Top of Data in this exercise

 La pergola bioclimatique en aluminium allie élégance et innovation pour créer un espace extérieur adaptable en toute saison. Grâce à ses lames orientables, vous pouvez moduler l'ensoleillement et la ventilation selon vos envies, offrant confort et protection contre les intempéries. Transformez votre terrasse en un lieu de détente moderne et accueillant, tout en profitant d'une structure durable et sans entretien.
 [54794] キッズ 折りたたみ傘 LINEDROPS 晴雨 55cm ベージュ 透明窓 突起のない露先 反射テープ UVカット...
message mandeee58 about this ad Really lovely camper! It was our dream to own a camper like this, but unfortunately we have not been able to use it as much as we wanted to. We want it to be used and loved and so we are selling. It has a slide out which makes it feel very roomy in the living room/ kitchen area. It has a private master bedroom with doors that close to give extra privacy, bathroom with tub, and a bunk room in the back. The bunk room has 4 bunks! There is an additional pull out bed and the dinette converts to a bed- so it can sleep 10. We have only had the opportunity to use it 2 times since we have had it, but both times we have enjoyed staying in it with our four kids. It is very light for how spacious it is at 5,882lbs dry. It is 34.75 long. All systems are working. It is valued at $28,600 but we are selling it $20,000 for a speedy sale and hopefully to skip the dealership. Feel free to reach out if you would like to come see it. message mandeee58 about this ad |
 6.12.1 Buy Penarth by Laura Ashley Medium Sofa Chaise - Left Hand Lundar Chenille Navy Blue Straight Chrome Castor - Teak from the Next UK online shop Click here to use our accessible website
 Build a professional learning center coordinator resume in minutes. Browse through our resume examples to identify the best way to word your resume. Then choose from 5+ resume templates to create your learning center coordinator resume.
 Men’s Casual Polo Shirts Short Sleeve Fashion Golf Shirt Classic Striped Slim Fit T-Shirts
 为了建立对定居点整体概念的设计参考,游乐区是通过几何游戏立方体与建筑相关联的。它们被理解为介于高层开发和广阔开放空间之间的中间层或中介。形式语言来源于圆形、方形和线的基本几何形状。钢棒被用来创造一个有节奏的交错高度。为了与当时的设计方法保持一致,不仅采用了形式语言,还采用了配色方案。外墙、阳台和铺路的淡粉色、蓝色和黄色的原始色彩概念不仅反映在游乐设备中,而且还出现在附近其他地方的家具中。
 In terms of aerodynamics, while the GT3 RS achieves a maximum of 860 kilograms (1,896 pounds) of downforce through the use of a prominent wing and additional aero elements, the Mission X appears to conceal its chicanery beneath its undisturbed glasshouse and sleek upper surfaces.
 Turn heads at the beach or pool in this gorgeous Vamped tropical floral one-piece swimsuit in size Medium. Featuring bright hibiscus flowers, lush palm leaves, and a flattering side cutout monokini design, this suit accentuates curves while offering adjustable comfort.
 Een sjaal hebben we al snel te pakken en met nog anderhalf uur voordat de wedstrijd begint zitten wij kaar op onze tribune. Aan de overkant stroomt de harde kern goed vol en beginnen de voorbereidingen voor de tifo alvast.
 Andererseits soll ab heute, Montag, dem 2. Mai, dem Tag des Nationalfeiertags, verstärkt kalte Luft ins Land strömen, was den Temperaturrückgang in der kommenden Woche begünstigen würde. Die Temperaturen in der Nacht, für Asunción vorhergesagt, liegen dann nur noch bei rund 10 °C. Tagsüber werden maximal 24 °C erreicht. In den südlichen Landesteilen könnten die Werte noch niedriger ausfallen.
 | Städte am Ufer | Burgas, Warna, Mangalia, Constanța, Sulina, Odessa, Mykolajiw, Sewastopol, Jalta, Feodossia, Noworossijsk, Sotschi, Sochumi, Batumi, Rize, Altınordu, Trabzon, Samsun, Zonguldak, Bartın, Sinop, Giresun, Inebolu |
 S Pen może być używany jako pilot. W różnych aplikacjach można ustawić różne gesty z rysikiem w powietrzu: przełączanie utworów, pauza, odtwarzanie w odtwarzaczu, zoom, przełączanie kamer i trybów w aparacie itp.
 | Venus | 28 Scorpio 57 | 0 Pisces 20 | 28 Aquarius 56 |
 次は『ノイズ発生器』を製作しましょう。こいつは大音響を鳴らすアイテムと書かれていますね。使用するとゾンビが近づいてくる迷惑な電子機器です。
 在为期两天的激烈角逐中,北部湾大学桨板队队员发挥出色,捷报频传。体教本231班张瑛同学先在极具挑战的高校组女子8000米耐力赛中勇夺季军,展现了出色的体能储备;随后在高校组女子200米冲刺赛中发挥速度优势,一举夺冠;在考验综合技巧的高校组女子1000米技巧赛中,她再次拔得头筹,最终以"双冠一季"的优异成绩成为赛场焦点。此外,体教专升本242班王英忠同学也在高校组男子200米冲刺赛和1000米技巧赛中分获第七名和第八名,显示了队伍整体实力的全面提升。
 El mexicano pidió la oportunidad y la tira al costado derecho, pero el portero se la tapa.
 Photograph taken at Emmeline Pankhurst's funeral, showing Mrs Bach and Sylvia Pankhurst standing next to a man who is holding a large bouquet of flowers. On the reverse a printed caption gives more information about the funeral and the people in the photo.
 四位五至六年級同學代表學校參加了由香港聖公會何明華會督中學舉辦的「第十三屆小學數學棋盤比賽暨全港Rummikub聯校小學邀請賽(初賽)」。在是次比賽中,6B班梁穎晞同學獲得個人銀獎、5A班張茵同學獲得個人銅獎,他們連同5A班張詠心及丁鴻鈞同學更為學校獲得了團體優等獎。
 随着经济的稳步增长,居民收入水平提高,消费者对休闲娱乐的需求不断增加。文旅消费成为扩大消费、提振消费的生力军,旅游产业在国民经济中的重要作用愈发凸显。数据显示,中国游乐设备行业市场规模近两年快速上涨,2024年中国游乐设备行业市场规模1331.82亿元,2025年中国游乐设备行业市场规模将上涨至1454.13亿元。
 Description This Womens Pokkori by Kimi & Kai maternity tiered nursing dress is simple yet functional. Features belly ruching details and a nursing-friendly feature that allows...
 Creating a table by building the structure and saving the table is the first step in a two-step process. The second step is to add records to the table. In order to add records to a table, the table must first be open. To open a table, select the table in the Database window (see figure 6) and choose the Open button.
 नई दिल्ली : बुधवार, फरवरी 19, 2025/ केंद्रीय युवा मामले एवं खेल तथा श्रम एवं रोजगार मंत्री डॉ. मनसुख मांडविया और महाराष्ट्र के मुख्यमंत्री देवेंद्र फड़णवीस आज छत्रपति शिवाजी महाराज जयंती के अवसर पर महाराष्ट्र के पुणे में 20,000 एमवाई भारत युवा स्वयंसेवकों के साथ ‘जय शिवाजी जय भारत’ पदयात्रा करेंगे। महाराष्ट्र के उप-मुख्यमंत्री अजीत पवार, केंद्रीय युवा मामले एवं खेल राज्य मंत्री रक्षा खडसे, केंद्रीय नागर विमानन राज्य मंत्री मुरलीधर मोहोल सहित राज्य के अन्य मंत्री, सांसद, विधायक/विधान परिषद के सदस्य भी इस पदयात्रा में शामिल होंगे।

Bottom of Data in this exercise

| Task requirements |
Please give back, exactly as it stands above, the stretch from the line with "[54794] キッズ 折りたたみ傘" through the line with "message mandeee58 about this ad Really", and no line outside it.

| Solution |
 [54794] キッズ 折りたたみ傘 LINEDROPS 晴雨 55cm ベージュ 透明窓 突起のない露先 反射テープ UVカット...
message mandeee58 about this ad Really lovely camper! It was our dream to own a camper like this, but unfortunately we have not been able to use it as much as we wanted to. We want it to be used and loved and so we are selling. It has a slide out which makes it feel very roomy in the living room/ kitchen area. It has a private master bedroom with doors that close to give extra privacy, bathroom with tub, and a bunk room in the back. The bunk room has 4 bunks! There is an additional pull out bed and the dinette converts to a bed- so it can sleep 10. We have only had the opportunity to use it 2 times since we have had it, but both times we have enjoyed staying in it with our four kids. It is very light for how spacious it is at 5,882lbs dry. It is 34.75 long. All systems are working. It is valued at $28,600 but we are selling it $20,000 for a speedy sale and hopefully to skip the dealership. Feel free to reach out if you would like to come see it. message mandeee58 about this ad |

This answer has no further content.